> [Work instructions]: Send back the line that contains "生ハムとアスパラのドリア(S" and all lines following it through the end of the data below, exactly, omitting pictures.

> [Stored items]:
—————

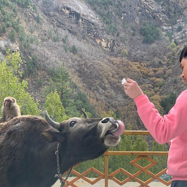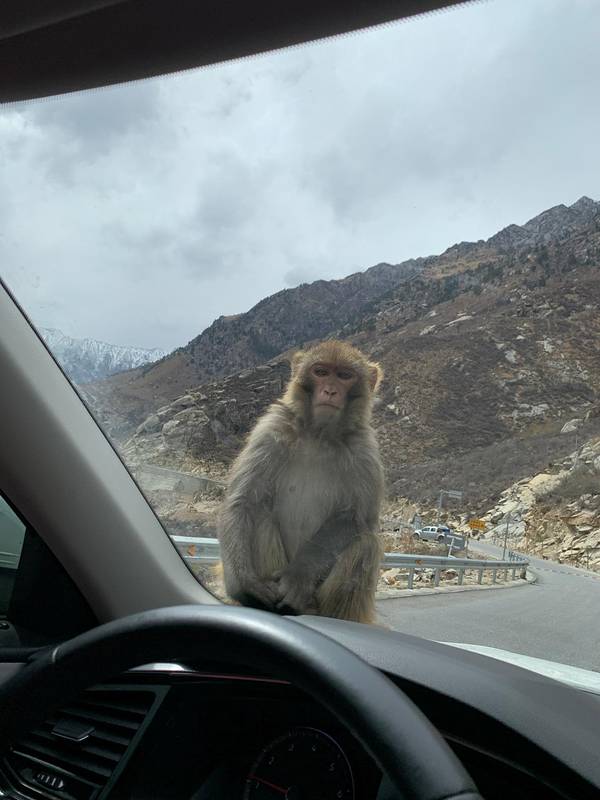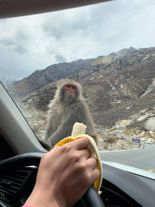 行程来到第五天,此时行程已过半,我们将要告别林芝,带着没有见到南迦巴瓦的遗憾。 原本今天计划去一个极为小众的景点——拉姆拉措,但没成想这里成为了此行又一个遗憾。路程较远,其中有不少山路,需谨慎驾驶从林芝前往拉姆拉措,全程300公里左右,大约需要6小时,也就是说今天我们只有一个计划,那就是圣湖拉姆拉措。 但当我们翻山越岭抵达通往拉姆拉措的入口时,却被工作人员告知,山上积雪,今天不允许上山。这无疑是给我们瞬间浇上一盆冷水,四个人在车里一时间不知所措。但尽管如此,我们也只能接受现实,毕竟安全是最重要的呀。 有计划前往拉姆拉措的小伙伴,尽量在5月份以后,这样能上去的概率会更大些。雅鲁藏布江上一条在建的铁路桥既然不能前往拉姆拉措,我们便收拾心情,慢下脚步欣赏沿途的风景。西藏随处可见的五星红旗在加查县通往山南市的路上,会经过猕猴的保护区,而且还会在路上与它们不期而遇。 这些野性十足的小猕猴非常调皮,但他们非常讲礼貌、灵性十足,绝不会从你手上抢东西,要是人们递东西给它们吃,它们会轻轻接过,绝不故意伤人。 但不排除有个别调皮的,下车投喂还是需要时刻保持警惕,以免被抓伤。有别于其他景区让人避之不及的动物们,这里的它们非常乖巧这里还有一头牛儿,相比于猕猴,它经常被冷落如果你在车里拿出吃的,猕猴还会直接跳上车子,蹲在挡风玻璃前看着你,可以说是非常有意思了,此时千万不要开窗,否则它们会直接钻进车里,寻找机会将食物丢出去是最好办法。看那眼神,觊觎我手里的香蕉哈哈哈哈哈哈小家伙们还会摆好姿势给你拍照
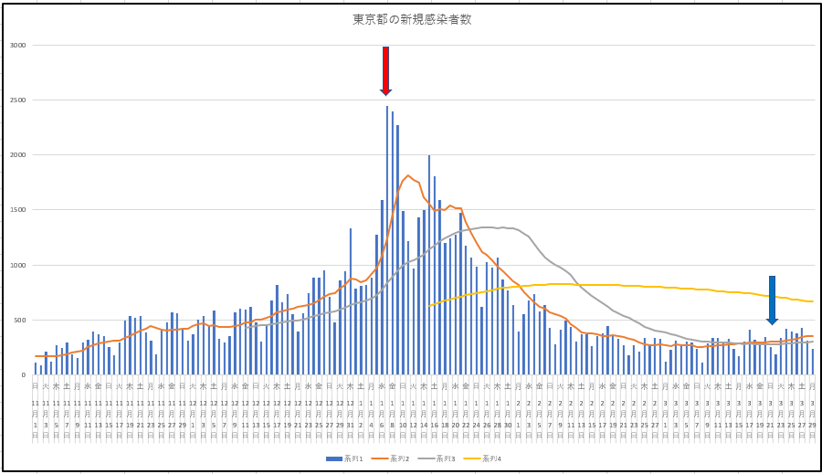 月曜は月曜なりのデータ。トレンドみたら明確に上昇ですねん。もっと強く断言して(とくに緊急事態とかじゃなくてもよいので)緩みがちな人々に対して注意喚起を続けるべきでしょうね。
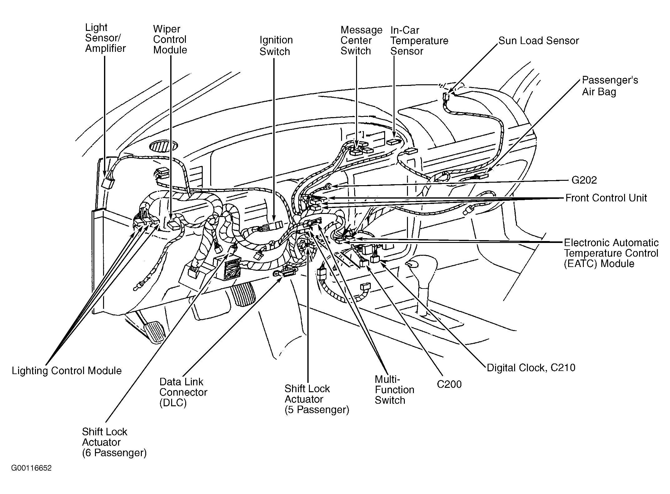 | Front Control Unit | At center of dash. See Figure. |
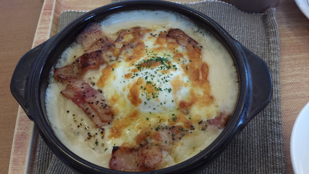 生ハムとアスパラのドリア(S)、温たまベーコンのドリア(M)、エビドリア(S)、ミートパスタ(M)、コクのあるホワイトソースがおいしかったです。
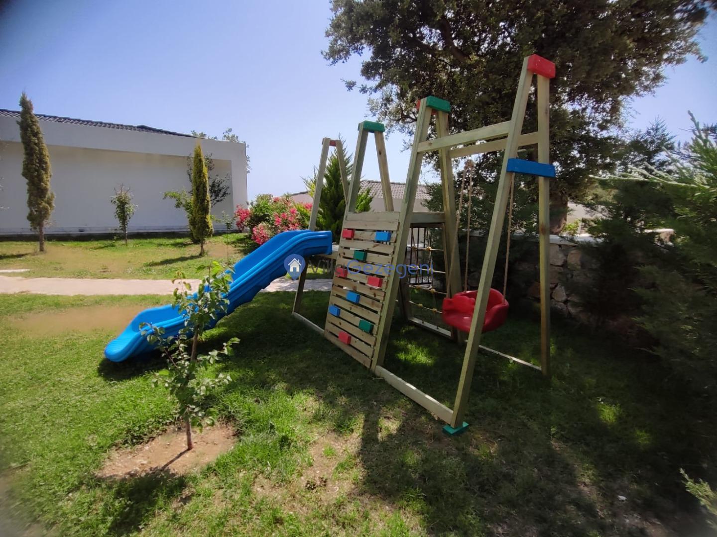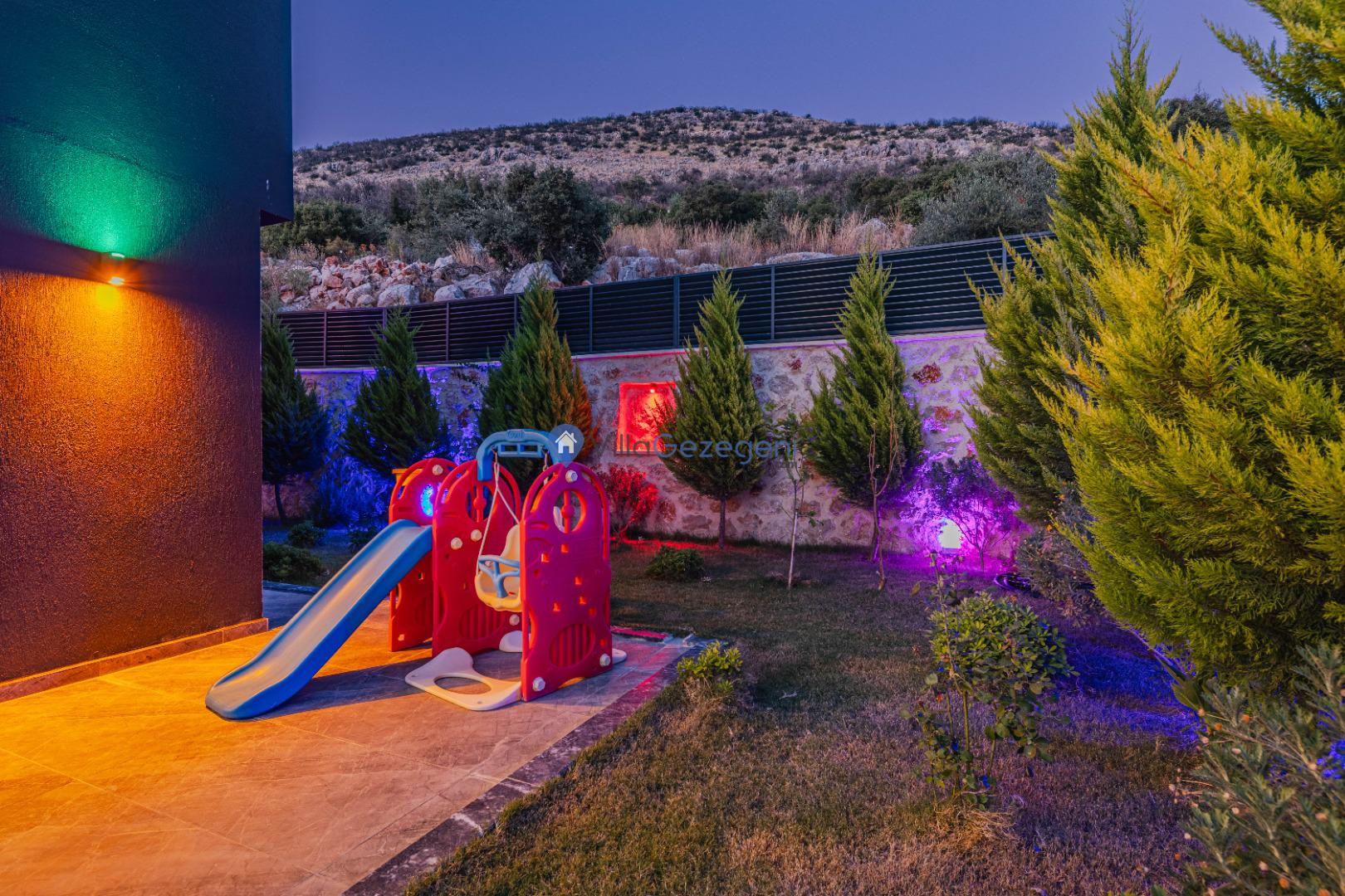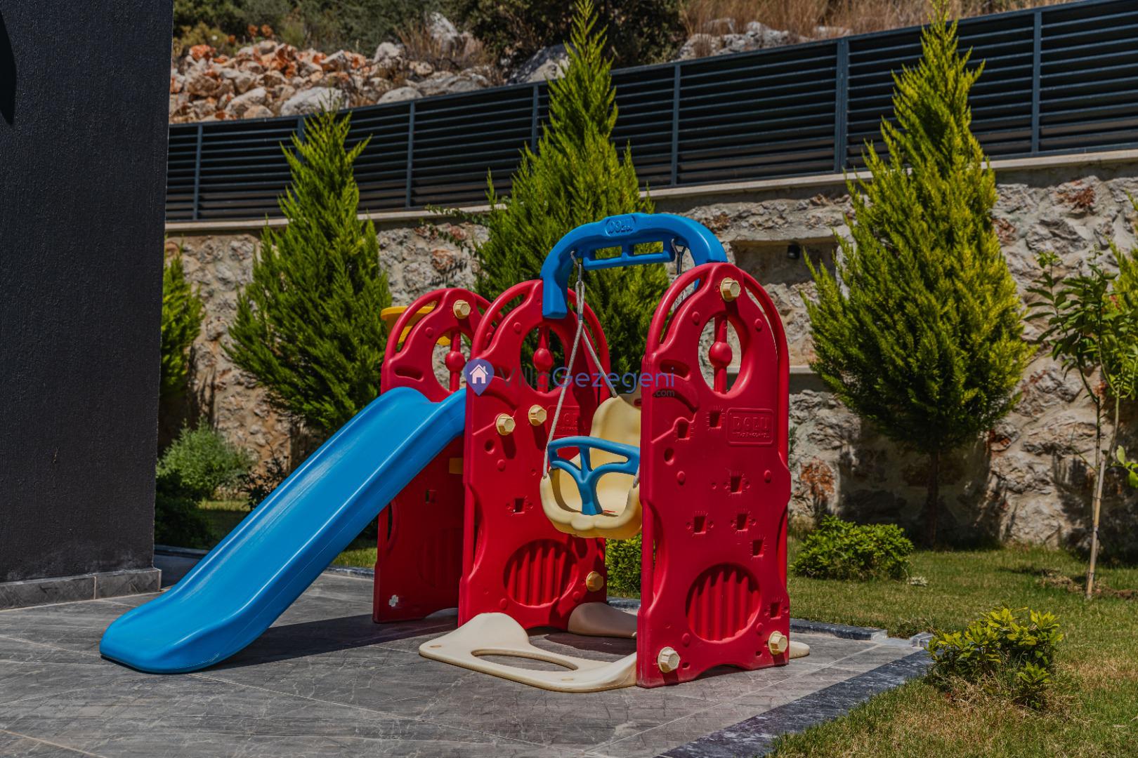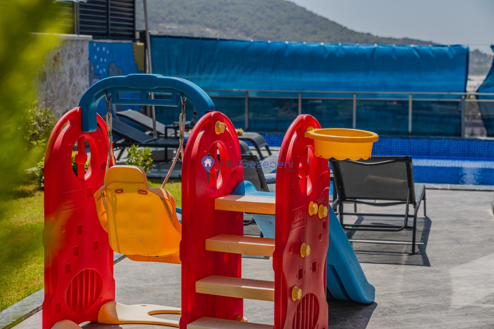 Bahçesinde çocuklar için oyun alanı bulunan deniz manzaralı korunaklı villa

—————

> [Exercise response]:
 生ハムとアスパラのドリア(S)、温たまベーコンのドリア(M)、エビドリア(S)、ミートパスタ(M)、コクのあるホワイトソースがおいしかったです。
 Bahçesinde çocuklar için oyun alanı bulunan deniz manzaralı korunaklı villa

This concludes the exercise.